La Self-Transcendence 3100 miglia è la corsa podistica più lunga del mondo.
È un poema epico, è la “parola” che definisce l’azione di corsa e, in un senso più ampio, è il “racconto” stesso. Sì perché correre 3100 miglia, ovvero 4.989 km, è un’opera colossale al pari di un componimento letterario e narra le gesta leggendarie del popolo del running, estrema visione di una identità che raffigura in parte tutti noi.
La Self-Transcendence 3100 miglia è organizzata dallo Sri Chinmoy Marathon Team e si svolge nel Queens, a New York, da giugno ad agosto di ogni anno.
Solo nel 2020, per motivi legati alla pandemia da Covid 19, si è svolta a Salisburgo in Austria, dove ha vinto l’italiano Andrea Marcato, 38 anni, originario di Dolo.
Andrea ha finito la gara impiegando 43 giorni, 12 ore, 7 minuti e 25 secondi, (9’36” al km nelle 18 ore al giorno, che poteva correre – perché la gara impone il passo di corsa o cammino dalle 6 del mattino a mezzanotte).
Lo Sri Chinmoy Marathon Team è una squadra che dai primi anni ottanta si è specializzata su gare di più giorni nell’area di New York. Nel 1985 la prima gara di 1000 miglia a Flushing Meadows Park, la prima del suo genere, presto seguita dall’Ultra Trio, una serie innovativa di gare di 700, 100 e 1300 miglia. Nel 1996 si è svolta la 2700 Mile Race, antenata della 3100 iniziata l’anno successivo.
Sri Chinmoy (1931-2007) era un insegnante spirituale, atleta, artista, musicista, poeta e umanitario. La sua enfasi sull’autotrascendenza e sul trionfo dello spirito umano fornì l’ispirazione che ha alimentato questa gara sin dal suo inizio.
Intervistato da Sports Illustrated nel 1990, il leggendario ultrarunner Yiannis Kouros dichiarò: “Senza Sri Chinmoy avremmo poche gare e poco futuro. È stato l’ancora di salvezza di questo sport”.
L’aspetto dell’autotrascendenza è particolarmente importante nell’ultrarunning. Nella nostra esperienza di corridori arriva un punto in una gara in cui la propria prestanza fisica ha raggiunto il limite. Per continuare, il corridore deve fare affidamento sulla determinazione interiore, per attingere all’infinito potere spirituale che è dentro tutti noi, che Sri Chinmoy chiama l’anima, il rappresentante dell’Essere Divino supremo.
La gara
Come abbiamo detto il percorso della Self-Transcendence è lungo 3.100 miglia (4.989 km). I corridori percorrono 5.649 giri dell’isolato del Queens – dalla 164a piazza ad Abigail Adams (84a) Avenue alla 168a strada fino alla Grand Central Parkway, una distanza di 0,5488 miglia (883 m).
Durante la gara le strade ovviamente sono aperte al traffico e i corridori hanno 52 giorni per completare la distanza, correndo dalle 6:00 di mattina a mezzanotte, una media di 59,62 miglia (95,95 km) ogni giorno.
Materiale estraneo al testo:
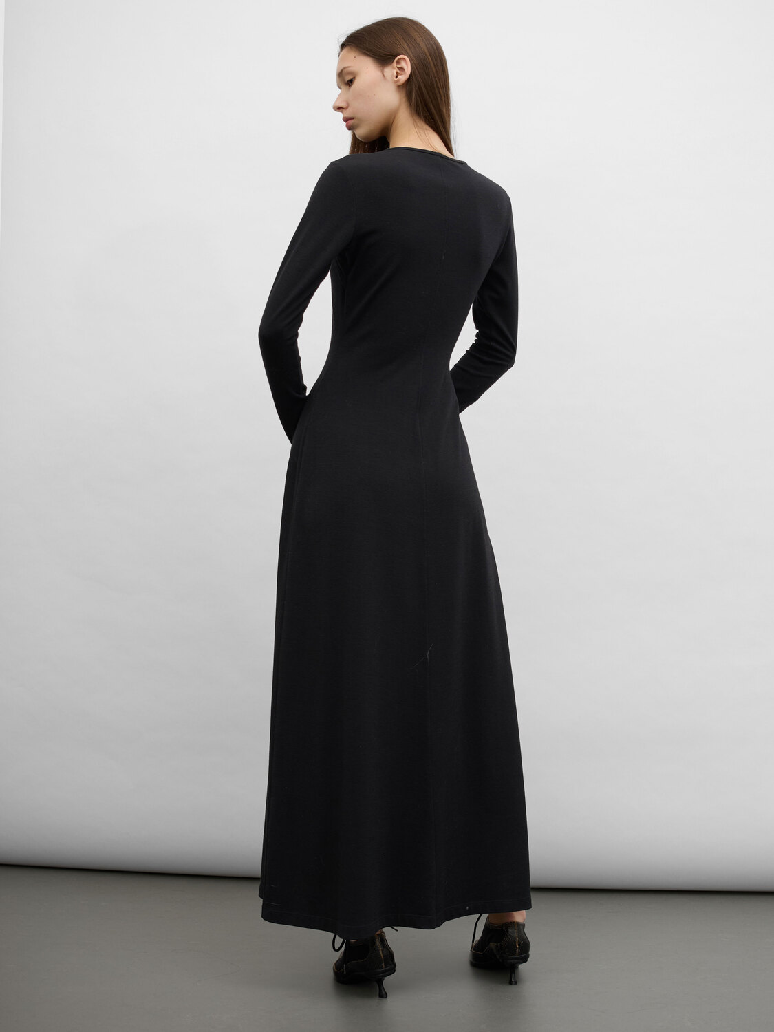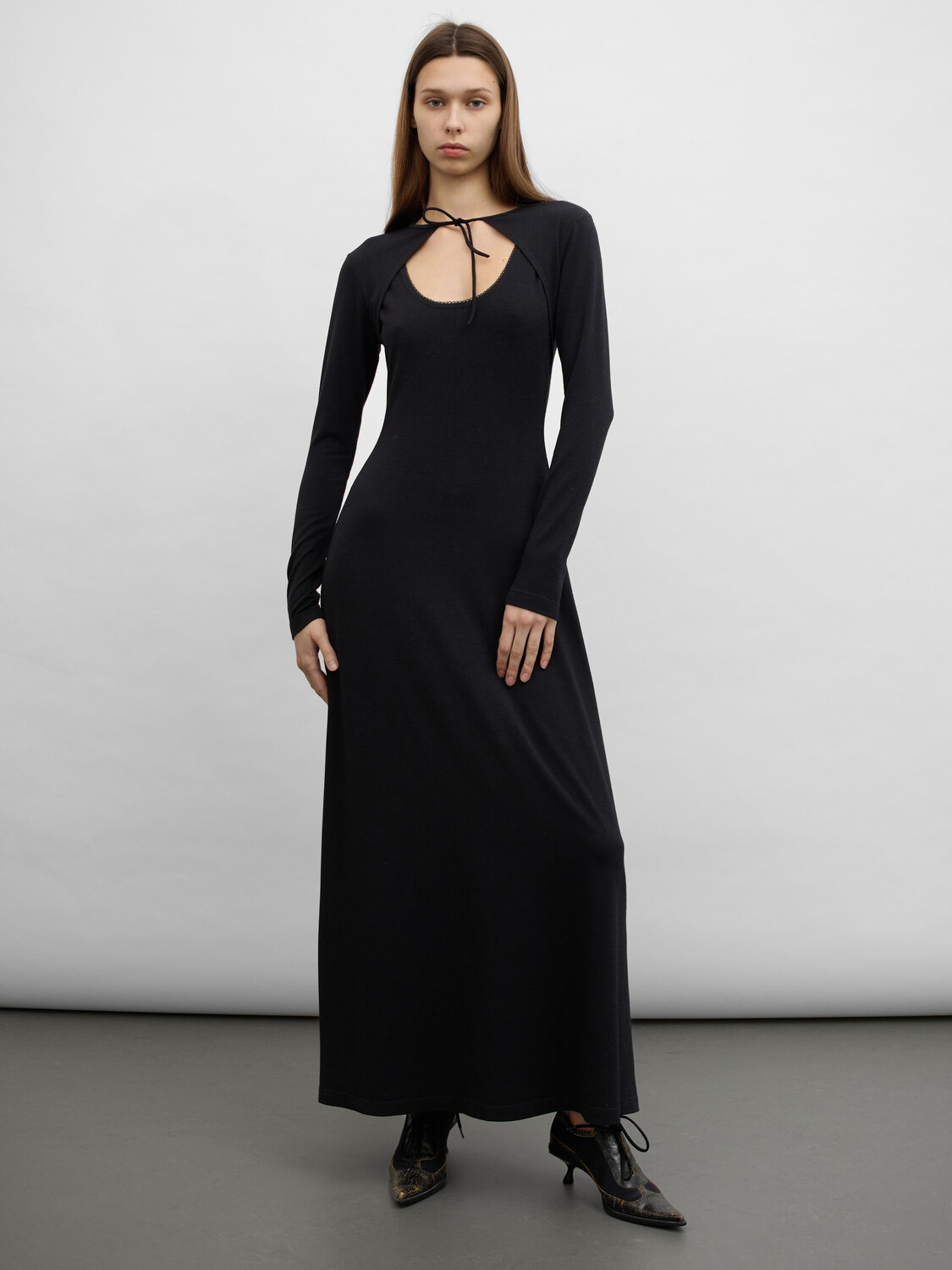 Plein Sud black long-sleeve maxi dress with an integrated tie-up mantle and crochet trim scoop neck.
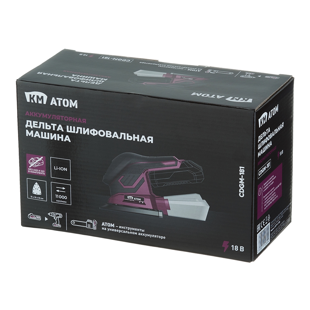Шлифмашина вибрационная аккумуляторная КМ АТОМ 18 В 150х100 мм без АКБ и ЗУ (CDGM-181)

Abbondanti pasti vegetariani e spuntini vengono preparati durante il giorno e serviti ai partecipanti. Ogni corridore ha a disposizione uno spazio in camper per le pause di riposo. La leggendaria attenzione ai dettagli del Marathon Team significa che ogni runner ha i servizi di cui ha bisogno, tra cui un ambiente pulito e sicuro e molti liquidi per rimanere idratati.
La corsa è incredibile e porta con sé tutta una serie di considerazioni sul perché corriamo. Su una visione che può essere distorta dello sport, focalizzazione lacerante di un processo che dovrebbe portare il corpo umano alla perfezione e, invece, visto da fuori, qui è distruzione.
Ma quante volte ce lo siamo sentiti dire che “fare tutte quelle maratone ti può far male“? Chi ce lo dice non corre, non pensa alla corsa, non sa com’è correre anche solo 10 km.
Punti di vista, le cose cambiano a seconda del punto di vista. Come quando sali su un punto alto della città e tutto ti sembra diverso eppure, lì sotto, c’è casa tua; ciò che è cambiata è la distanza da casa.
Ultima considerazione sui premi, che la dicono lunga sul perchè corriamo: in palio alla Self-Transcendence 3100 miglia ci sono in genere una maglietta, un DVD o un piccolo trofeo.
Correre in fondo è sempre un passo dopo l’altro.